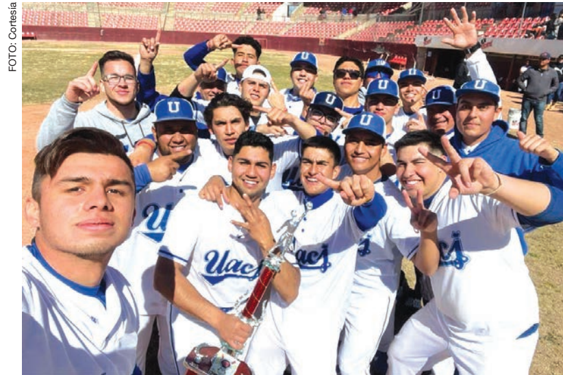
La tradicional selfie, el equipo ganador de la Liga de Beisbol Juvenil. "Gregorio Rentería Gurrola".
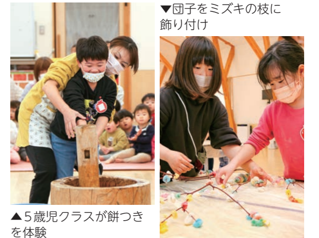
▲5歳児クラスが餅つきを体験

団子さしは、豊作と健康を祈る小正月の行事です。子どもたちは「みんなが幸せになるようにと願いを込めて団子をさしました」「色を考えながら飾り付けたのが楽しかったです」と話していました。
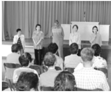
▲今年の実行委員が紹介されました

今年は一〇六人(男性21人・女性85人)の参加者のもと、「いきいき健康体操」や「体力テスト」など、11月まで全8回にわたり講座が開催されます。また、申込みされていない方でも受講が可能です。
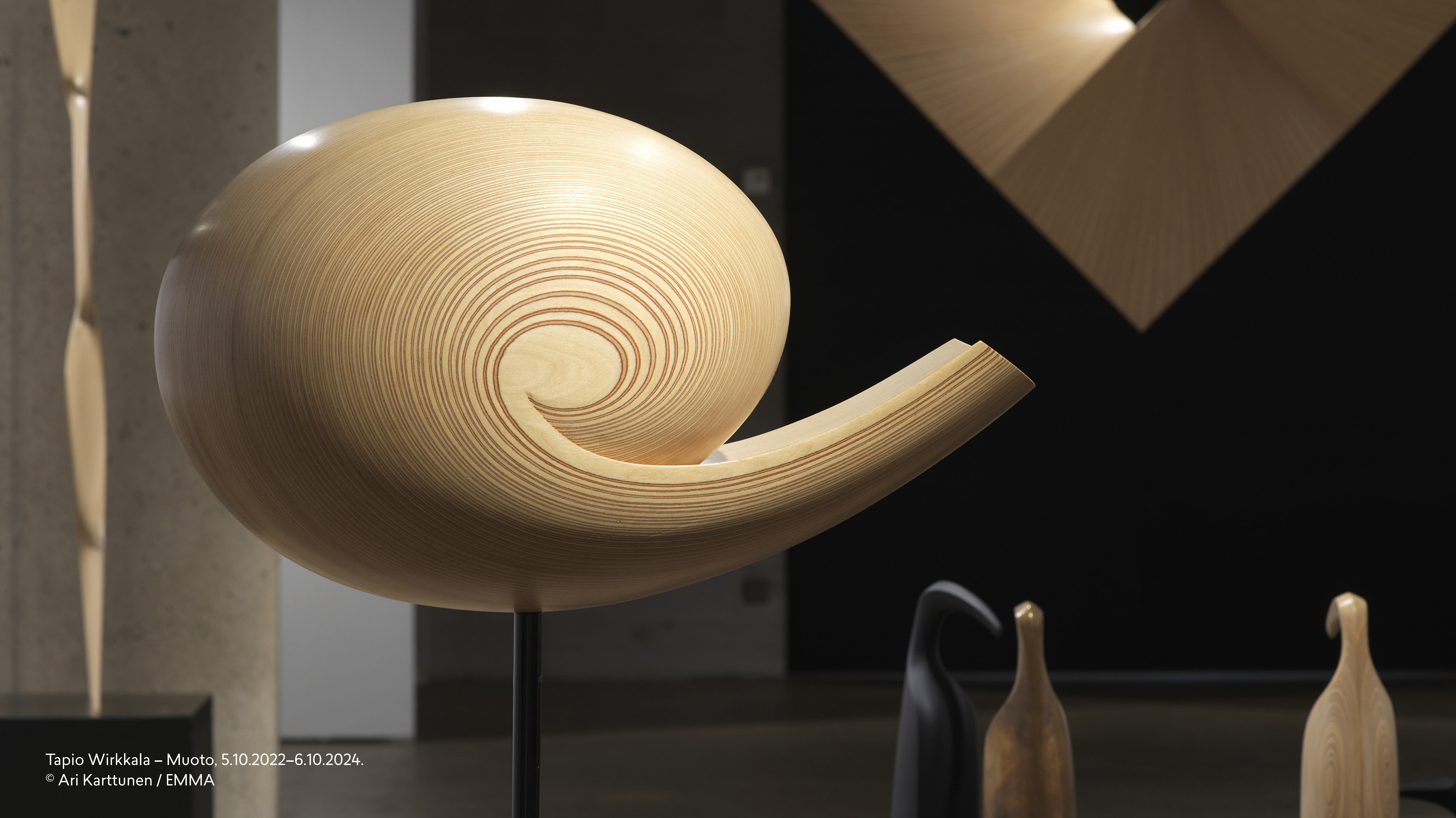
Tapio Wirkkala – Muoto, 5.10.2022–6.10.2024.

* _Assignment_: Would you restate word for word only the lines from the line with "今年は一〇六人(男性21人・" to the last line above, with the pictures left out?

* _Response_:
今年は一〇六人(男性21人・女性85人)の参加者のもと、「いきいき健康体操」や「体力テスト」など、11月まで全8回にわたり講座が開催されます。また、申込みされていない方でも受講が可能です。
Tapio Wirkkala – Muoto, 5.10.2022–6.10.2024.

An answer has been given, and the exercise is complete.